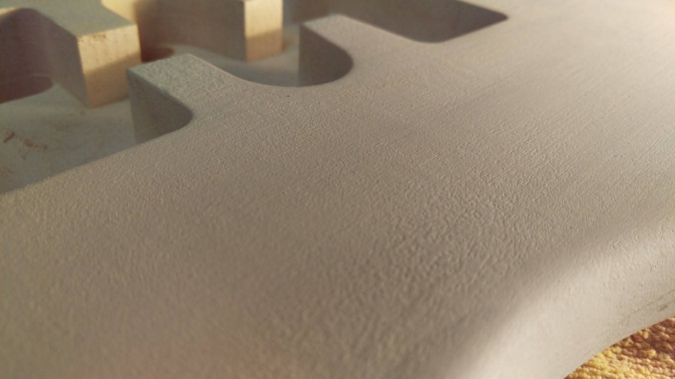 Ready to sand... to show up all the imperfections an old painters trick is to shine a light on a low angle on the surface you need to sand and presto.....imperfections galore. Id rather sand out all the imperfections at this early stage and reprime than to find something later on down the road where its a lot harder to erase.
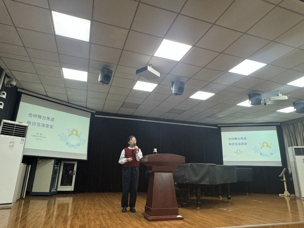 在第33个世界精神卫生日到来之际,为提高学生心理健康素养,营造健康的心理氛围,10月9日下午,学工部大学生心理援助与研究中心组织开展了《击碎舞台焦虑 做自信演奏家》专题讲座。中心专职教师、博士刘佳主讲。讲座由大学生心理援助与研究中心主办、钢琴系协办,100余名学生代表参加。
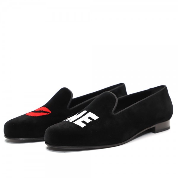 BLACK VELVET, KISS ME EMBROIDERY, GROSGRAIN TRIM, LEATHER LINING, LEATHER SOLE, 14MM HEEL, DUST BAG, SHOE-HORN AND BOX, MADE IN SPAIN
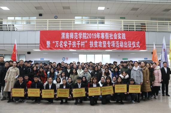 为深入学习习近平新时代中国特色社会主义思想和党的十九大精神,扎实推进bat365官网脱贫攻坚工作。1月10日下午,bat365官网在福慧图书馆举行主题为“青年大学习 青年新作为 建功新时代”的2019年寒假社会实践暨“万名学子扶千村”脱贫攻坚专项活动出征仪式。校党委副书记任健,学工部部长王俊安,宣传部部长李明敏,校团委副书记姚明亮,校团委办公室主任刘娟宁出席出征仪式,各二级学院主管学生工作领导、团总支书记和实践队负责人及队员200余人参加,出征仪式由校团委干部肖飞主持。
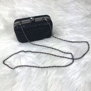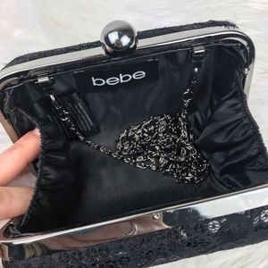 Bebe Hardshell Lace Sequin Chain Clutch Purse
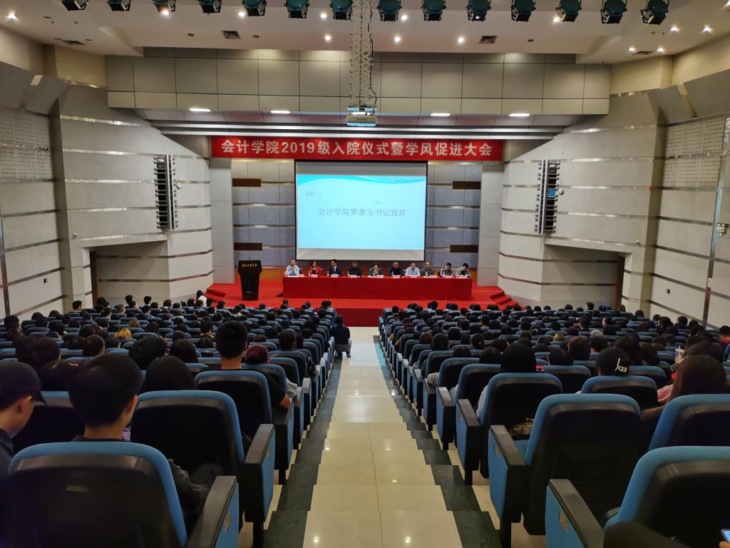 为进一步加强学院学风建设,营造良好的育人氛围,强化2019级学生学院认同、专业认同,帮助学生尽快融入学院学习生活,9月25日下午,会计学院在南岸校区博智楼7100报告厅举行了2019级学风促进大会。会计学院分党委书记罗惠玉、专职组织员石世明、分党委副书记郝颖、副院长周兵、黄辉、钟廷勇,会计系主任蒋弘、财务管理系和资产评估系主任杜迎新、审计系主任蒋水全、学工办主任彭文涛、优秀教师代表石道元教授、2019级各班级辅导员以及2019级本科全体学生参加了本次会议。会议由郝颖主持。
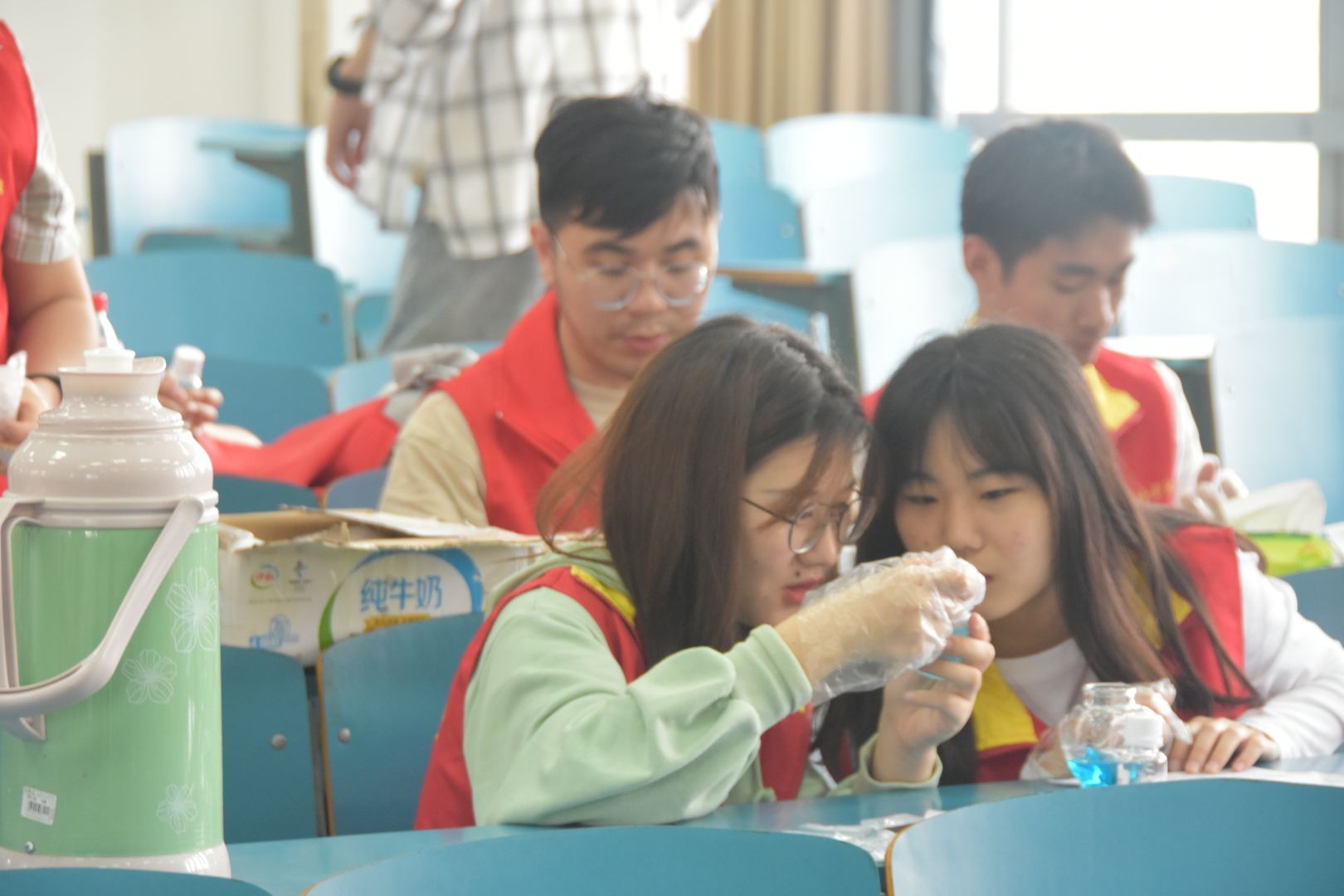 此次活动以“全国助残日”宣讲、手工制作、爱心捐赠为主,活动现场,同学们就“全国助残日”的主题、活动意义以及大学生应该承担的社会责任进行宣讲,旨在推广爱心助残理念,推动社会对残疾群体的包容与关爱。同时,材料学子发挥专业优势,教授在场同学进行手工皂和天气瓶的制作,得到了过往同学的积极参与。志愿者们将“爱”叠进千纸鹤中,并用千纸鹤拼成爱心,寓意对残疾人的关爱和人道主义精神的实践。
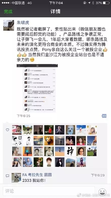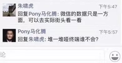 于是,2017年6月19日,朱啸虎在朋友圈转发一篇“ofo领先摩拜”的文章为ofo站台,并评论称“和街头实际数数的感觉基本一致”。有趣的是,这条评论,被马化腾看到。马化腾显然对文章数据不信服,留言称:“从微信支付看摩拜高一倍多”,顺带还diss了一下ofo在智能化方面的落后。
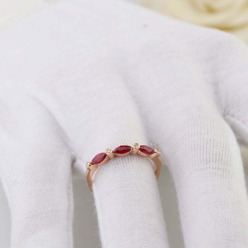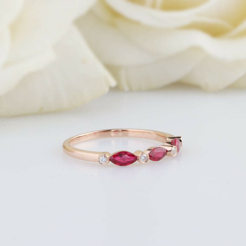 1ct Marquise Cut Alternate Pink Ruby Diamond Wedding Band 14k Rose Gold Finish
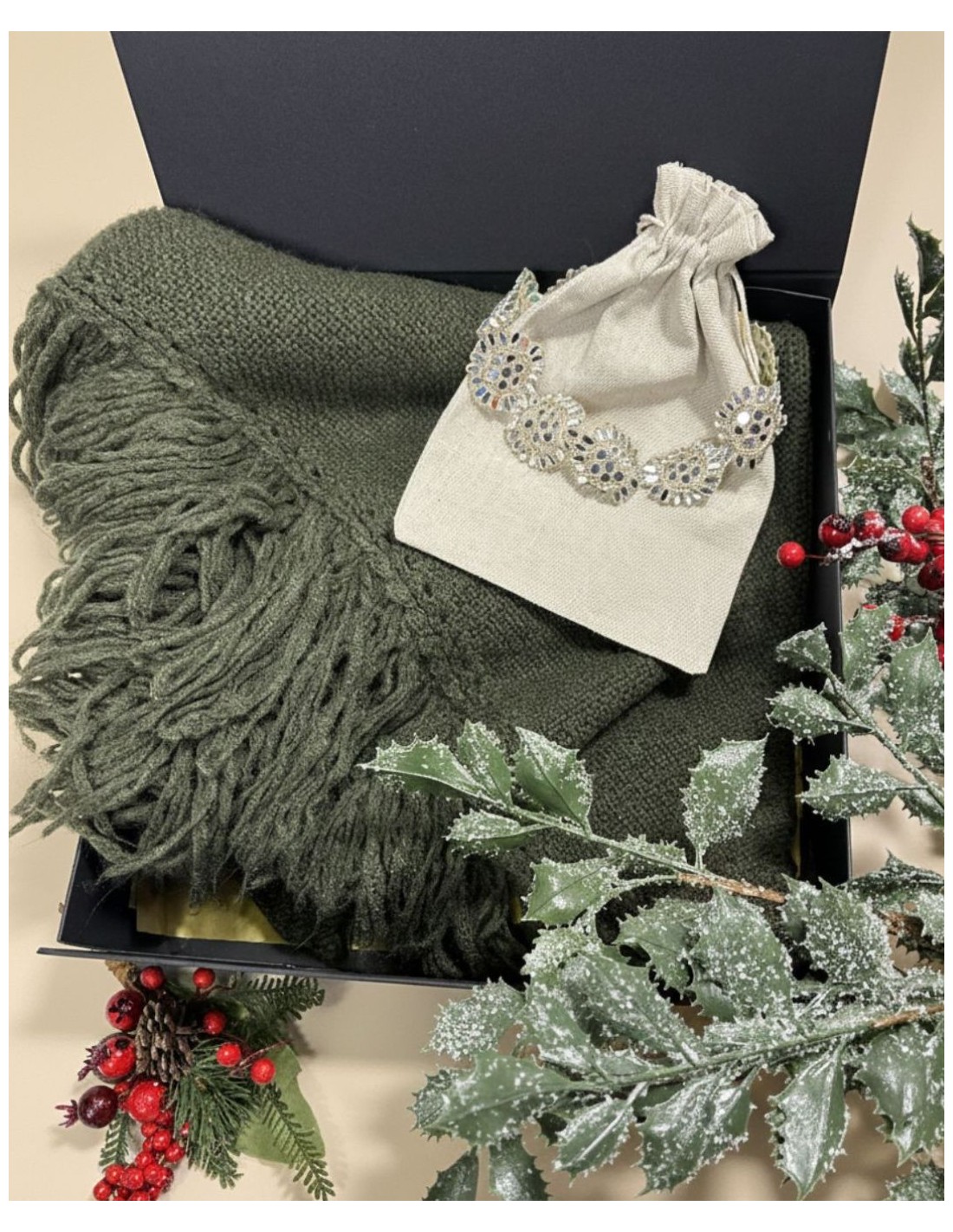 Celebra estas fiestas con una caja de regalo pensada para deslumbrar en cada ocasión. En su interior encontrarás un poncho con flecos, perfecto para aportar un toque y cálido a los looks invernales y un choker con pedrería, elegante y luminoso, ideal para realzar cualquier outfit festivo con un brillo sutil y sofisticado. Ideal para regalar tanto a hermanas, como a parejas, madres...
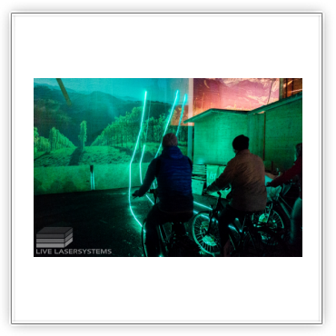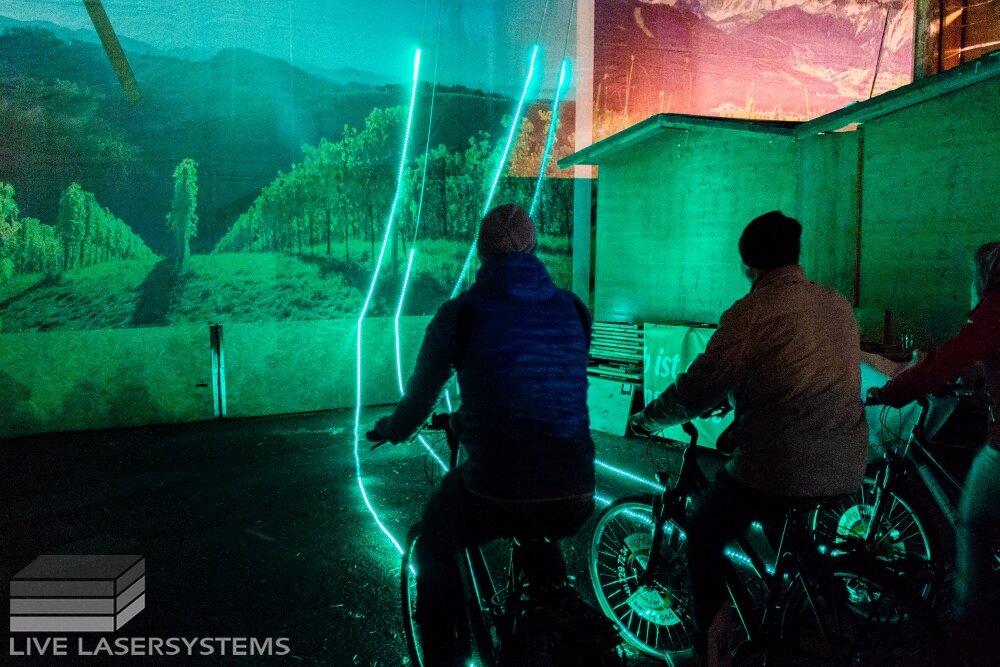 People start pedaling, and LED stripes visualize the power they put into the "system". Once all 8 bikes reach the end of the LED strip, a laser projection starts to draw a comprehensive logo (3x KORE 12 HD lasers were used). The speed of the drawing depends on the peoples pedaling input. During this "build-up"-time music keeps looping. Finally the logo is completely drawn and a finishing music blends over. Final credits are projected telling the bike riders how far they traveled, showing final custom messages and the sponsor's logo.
━━━━━━━━━━
▶ **WHAT TO DO**: Output each entry above word for word. The pictures stay out.

▶ **OUTPUT**:
 Ready to sand... to show up all the imperfections an old painters trick is to shine a light on a low angle on the surface you need to sand and presto.....imperfections galore. Id rather sand out all the imperfections at this early stage and reprime than to find something later on down the road where its a lot harder to erase.
 在第33个世界精神卫生日到来之际,为提高学生心理健康素养,营造健康的心理氛围,10月9日下午,学工部大学生心理援助与研究中心组织开展了《击碎舞台焦虑 做自信演奏家》专题讲座。中心专职教师、博士刘佳主讲。讲座由大学生心理援助与研究中心主办、钢琴系协办,100余名学生代表参加。
 BLACK VELVET, KISS ME EMBROIDERY, GROSGRAIN TRIM, LEATHER LINING, LEATHER SOLE, 14MM HEEL, DUST BAG, SHOE-HORN AND BOX, MADE IN SPAIN
 为深入学习习近平新时代中国特色社会主义思想和党的十九大精神,扎实推进bat365官网脱贫攻坚工作。1月10日下午,bat365官网在福慧图书馆举行主题为“青年大学习 青年新作为 建功新时代”的2019年寒假社会实践暨“万名学子扶千村”脱贫攻坚专项活动出征仪式。校党委副书记任健,学工部部长王俊安,宣传部部长李明敏,校团委副书记姚明亮,校团委办公室主任刘娟宁出席出征仪式,各二级学院主管学生工作领导、团总支书记和实践队负责人及队员200余人参加,出征仪式由校团委干部肖飞主持。
 Bebe Hardshell Lace Sequin Chain Clutch Purse
 为进一步加强学院学风建设,营造良好的育人氛围,强化2019级学生学院认同、专业认同,帮助学生尽快融入学院学习生活,9月25日下午,会计学院在南岸校区博智楼7100报告厅举行了2019级学风促进大会。会计学院分党委书记罗惠玉、专职组织员石世明、分党委副书记郝颖、副院长周兵、黄辉、钟廷勇,会计系主任蒋弘、财务管理系和资产评估系主任杜迎新、审计系主任蒋水全、学工办主任彭文涛、优秀教师代表石道元教授、2019级各班级辅导员以及2019级本科全体学生参加了本次会议。会议由郝颖主持。
 此次活动以“全国助残日”宣讲、手工制作、爱心捐赠为主,活动现场,同学们就“全国助残日”的主题、活动意义以及大学生应该承担的社会责任进行宣讲,旨在推广爱心助残理念,推动社会对残疾群体的包容与关爱。同时,材料学子发挥专业优势,教授在场同学进行手工皂和天气瓶的制作,得到了过往同学的积极参与。志愿者们将“爱”叠进千纸鹤中,并用千纸鹤拼成爱心,寓意对残疾人的关爱和人道主义精神的实践。
 于是,2017年6月19日,朱啸虎在朋友圈转发一篇“ofo领先摩拜”的文章为ofo站台,并评论称“和街头实际数数的感觉基本一致”。有趣的是,这条评论,被马化腾看到。马化腾显然对文章数据不信服,留言称:“从微信支付看摩拜高一倍多”,顺带还diss了一下ofo在智能化方面的落后。
 1ct Marquise Cut Alternate Pink Ruby Diamond Wedding Band 14k Rose Gold Finish
 Celebra estas fiestas con una caja de regalo pensada para deslumbrar en cada ocasión. En su interior encontrarás un poncho con flecos, perfecto para aportar un toque y cálido a los looks invernales y un choker con pedrería, elegante y luminoso, ideal para realzar cualquier outfit festivo con un brillo sutil y sofisticado. Ideal para regalar tanto a hermanas, como a parejas, madres...
 People start pedaling, and LED stripes visualize the power they put into the "system". Once all 8 bikes reach the end of the LED strip, a laser projection starts to draw a comprehensive logo (3x KORE 12 HD lasers were used). The speed of the drawing depends on the peoples pedaling input. During this "build-up"-time music keeps looping. Finally the logo is completely drawn and a finishing music blends over. Final credits are projected telling the bike riders how far they traveled, showing final custom messages and the sponsor's logo.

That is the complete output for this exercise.